HackMD
Python Robotics Course
Topic 4-2
A Sound-Sensing Anti-Collision System
Program a driving support system that helps cars avoid accidents using an Ultrasonic Sensor!
In This Lesson…
Learn how to use an Ultrasonic Sensor and program a robot car that automatically detects objects in front of it!
Video Introduction
-
Inserting Text with the format Method
-
The Quirks of Ultrasonic Sensors
-
Programming a Driving Support System
-
Challenge: An Anti-Fall Robocar
■ Video Narration
In this lesson, you'll use an Ultrasonic Sensor to program a driving support system that avoids collisions by braking a car when it detects obstacles in its path.
First we'll explain how to use the method format() to edit how data from sensors gets displayed in your program.
Next we'll test out the Ultrasonic Sensor you'll be using in your driving support system to learn its quirks and how to use it right.

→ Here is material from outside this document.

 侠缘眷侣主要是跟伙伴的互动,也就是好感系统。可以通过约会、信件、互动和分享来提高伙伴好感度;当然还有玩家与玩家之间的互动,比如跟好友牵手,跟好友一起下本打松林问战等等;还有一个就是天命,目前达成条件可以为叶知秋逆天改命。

After that, you can build a robot car and program it to stop automatically if it detects an object it might run into! As you can see in the video, the robocar will drive forward while you hold down a button, but its program makes it stop anyway if it senses a potential collision!

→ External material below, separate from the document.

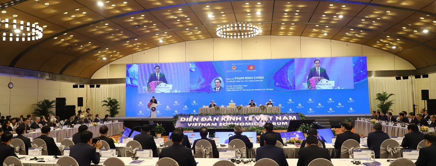 Với chủ đề “Kinh tế Việt Nam 2023: Ổn dịnh kinh tế vĩ mô, bảo đảm các cân đối lớn, vững vàng vượt qua thách thức”, Diễn đàn Kinh tế Việt Nam lần thứ 5 chính thức khai mạc chiều ngày 17/12, tại Hà Nội. Phiên toàn thể cấp cao được diễn ra dưới sự đồng chủ trì của Thủ tướng Chính phủ Phạm Minh Chính, Trưởng ban Kinh tế Trung ương Trần Tuấn Anh và có sự tham gia của đông đảo cộng đồng doanh nghiệp, các ban bộ ngành và chuyên gia kinh tế của cả trong và ngoài nước.

At the end of the lesson, you can use the Ultrasonic Sensor to try building a robocar that automatically stops itself from driving off of tables!
Now let's start the lesson!
New Python Syntax
Let's start off by introducing some new Python code you'll be using for the first time in this lesson.
As you get further and further into this course, the programs you're writing will get longer and longer! When you're starting out as a programmer, the longer the program you're writing gets the more likely you are to make mistakes. When an error occurs in your code, you need to find the mistake, or bug that caused it and fix it!
A lot of people check their code for bugs by dividing their program into several steps and then checking the data output of each step separately. This method is especially useful if you need to find bugs in a complex program all by yourself!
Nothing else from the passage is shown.